Banal yet divisive's what you need - look at my Scones thread!


----------



## Shaun (8 Jul 2010)

twoasbosmcginty said:


> Might change my user name to twoasbosmcginty



Bada bing, bada boom ...


----------



## Wigsie (8 Jul 2010)

Admin said:


> Bada bing, bada boom ...


 how much to never change it back??


----------



## Shaun (8 Jul 2010)

Wigsie said:


> how much to never change it back??



A fiver?


----------



## Wigsie (8 Jul 2010)

Admin said:


> A fiver?



I have 58p in my wallet?


----------



## threebikesmcginty (8 Jul 2010)

*snork*

Nearly couldn't log-in then - me name's changed.
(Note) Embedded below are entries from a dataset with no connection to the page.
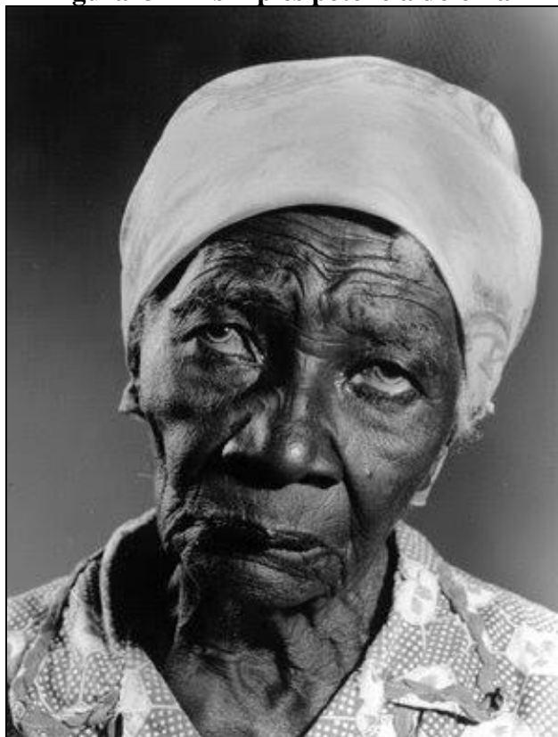
Figura 3 – A simples potência do olhar

Fonte: Fotografia de Januário Garcia. Disponível em: < https://projetoafro.com >.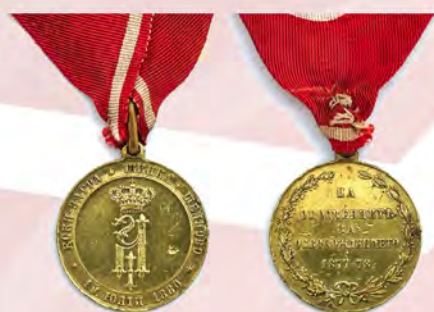
Ил. 11. Княжество Болгария. Медаль «За освобождение 1877–1878». 1880. КМТ.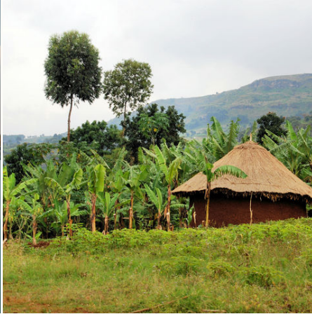
Hütte in den bergigen Höhen von Kapchorwa, Uganda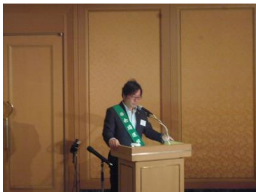
吉澤年度最終例会がスタート！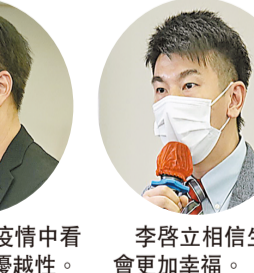
李啓立相信生活更加幸福。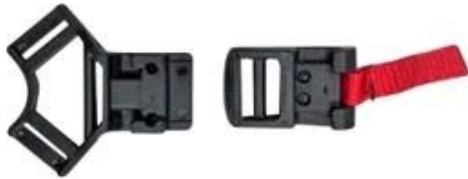
Patent self-developed magnetic buckle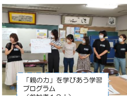
「親の力」を学びあう学習 プログラム (参加者13人)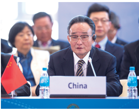
▲2013年1月28日,吴邦国同志在俄罗斯符拉迪沃斯托克出席亚太会议论坛第21届年会,并作题为《坚持和平发展 促进合作共赢》的主旨发言。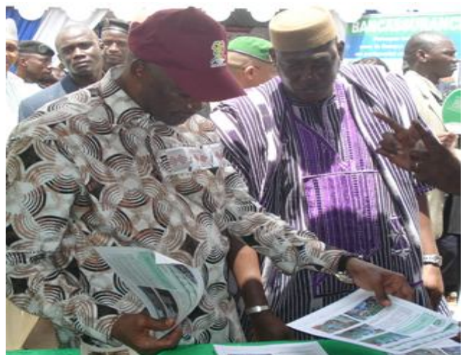
L'image du mois : Votre bulletin Cikela dans les mains du Président de la république du Mali, SE Amadou Toumani TOURE

Il a souligné que cette session sera pour lui, en tant que Président de l'APCAM, un des grands moments de l'histoire des Chambres d'Agriculture du Mali. De mémoire d'élu de la Chambre d'Agriculture depuis sa création, c'est la première fois que les représentants de toutes les régions du Mali et du District de Bamako élisent par consensus tous les membres des postes du bureau et les votent à l'unanimité. Cela est un exemple de maturité et de cohésion de la Profession Agricole.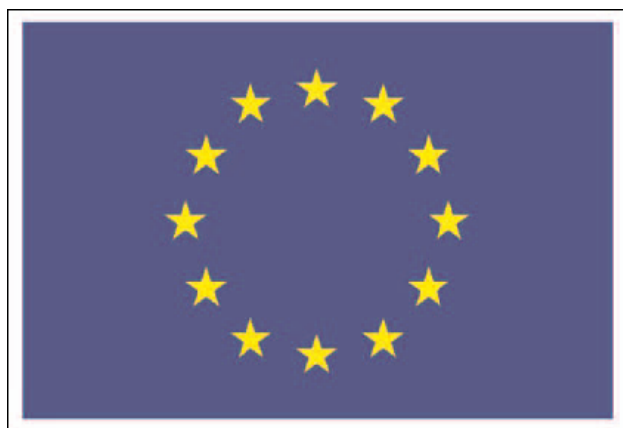
Simbolul Uniunii Europene, color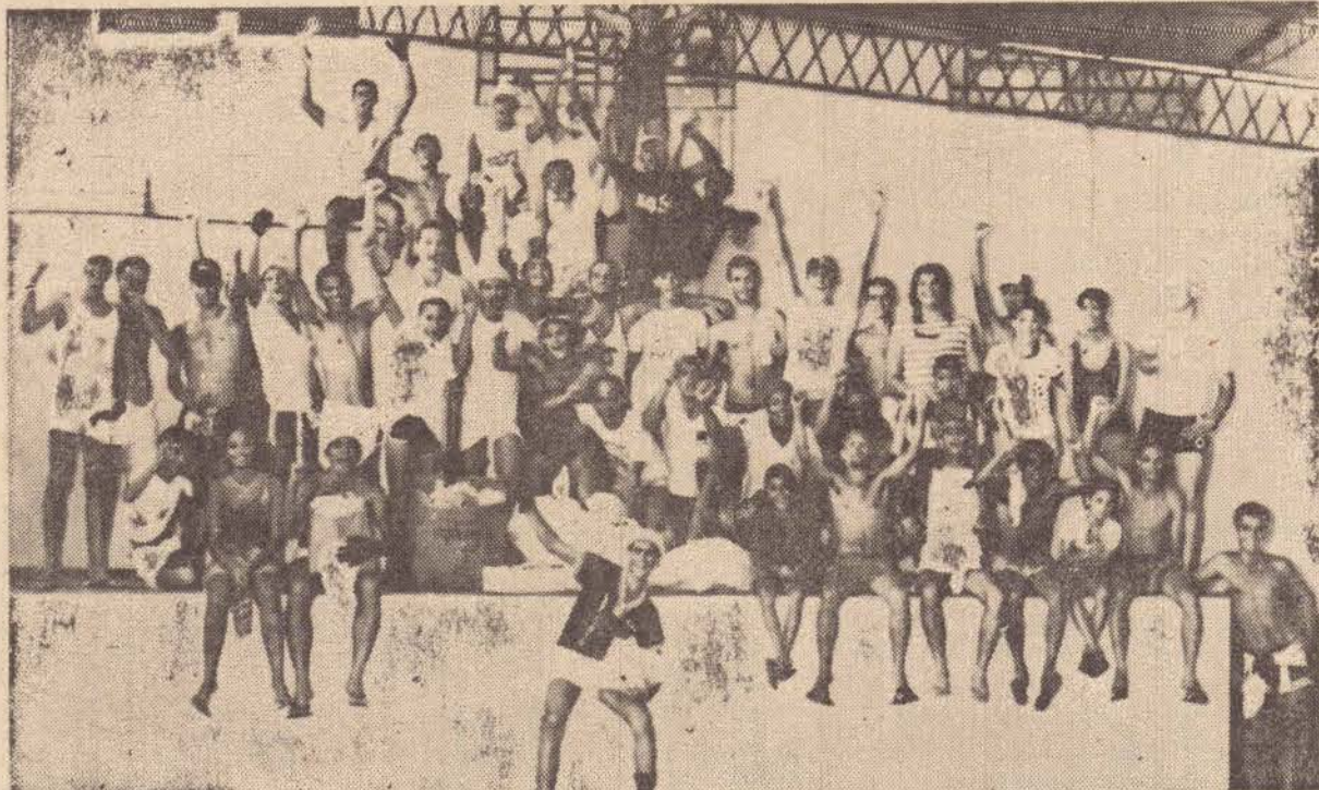
Calouros de engenharia contribuíram com gêneros alimentícios.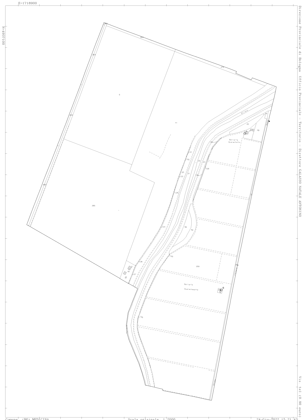
Figura 5 - Foglio 37 del Comune di Medicina (BO)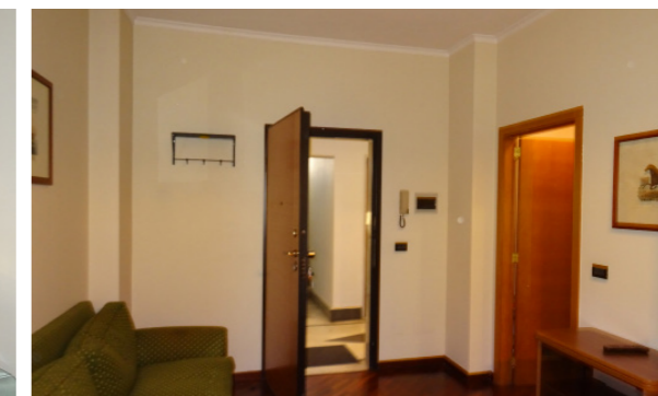
Vista interna unità residenziale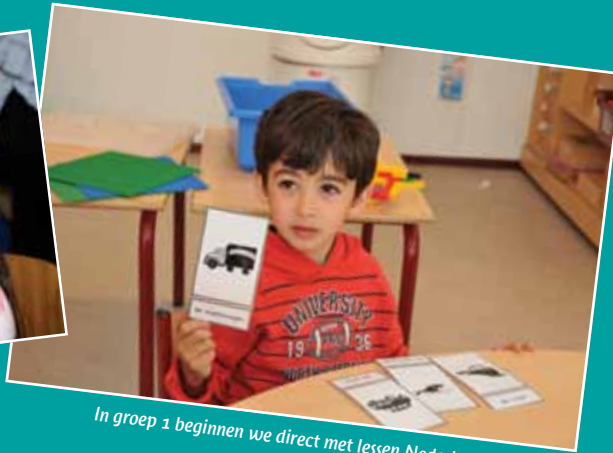
In groep 1 beginnen we direct met lessen Nederlandse taal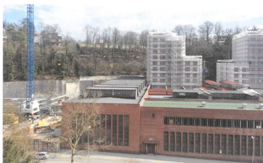
Stahlgießerei 2020.

10 Mio. Menschen werden gemäss Schätzungen 2045 in der Schweiz leben. Alle diese Menschen wollen wohnen, arbeiten und sich erholen. Ihr Bedürfnis nach Wohnfläche und Mobilität steigt kontinuierlich. Gleichzeitig soll dem Siedlungswachstum Einhalt geboten werden. Immer noch werden jeden Tag acht Fussballfelder verbaut. Statt «Bauen auf der grünen Wiese» lauten die Zauberworte: Siedlungsentwicklung nach innen und vertikale Verdichtung. Damit sich die Menschen in einem verdichteten Umfeld wohl fühlen, muss mit hoher Qualität weitergebaut werden. Dazu gehört auch der verantwortungsbewusste Umgang mit dem baukulturellen Erbe.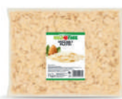
Migdały płatkі opak.: 1 kg, 25 kg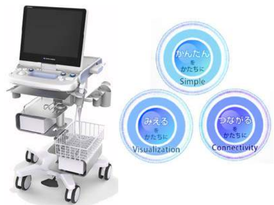
超音波診断装置 SONIMAGE HS1

お問合せ：コニカミノルタジャパン株式会社 新規事業推進室 赤堀・中川 ☒ kmj-mbu@konicaminolta.com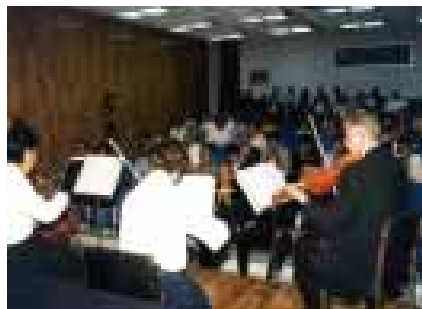
Como ya es tradición, el festejo concluyó con música.

Para cerrar con broche de oro la celebración, se llevó a cabo el concierto de aniversario con el cuarteto de cuerdas DUX, que durante más de una hora deleitó a los presentes con un variado programa.

Honestly Admin, you've obviously got nothing to do - unlike me of course


----------



## threebikesmcginty (8 Jul 2010)

Landslide said:


> Banal yet divisive's what you need - look at my Scones thread!



That thread was anything but banal - some serious issues were raised and challenged 


#49!


----------



## Tynan (10 Jul 2010)

I've just found out tha I've managed to crack my frame 2 weeks before a keenly anticipated Dunwich Dynamo

The swearmeter is on for me, admin, I expect an exemption


----------



## Shaun (10 Jul 2010)

Yer, I reckon I'd be turning the air blue on that one too ...


----------



## Scoosh (10 Jul 2010)

Admin said:


> Yer, I reckon I'd be turning the air blue on that one too ...



... the blue of the welding torch, naturally


----------



## Danny (10 Jul 2010)

Why can't we see how naughty other people have been?


----------



## Arch (10 Jul 2010)

Ah come on - within a day on Pand L, people would be goading each other to get each other banned, if they thought they were near the limit....


----------



## slowmotion (12 Jul 2010)

I had a naughty bar yesterday, but it was empty and has now gone away. I feel that all my sins have been absolved.

Can I wash your feet with my hair, Shaun?


----------



## slowmotion (12 Jul 2010)

EEEEEK! The naughty bar is back. What did you expect....hair conditioner....?


----------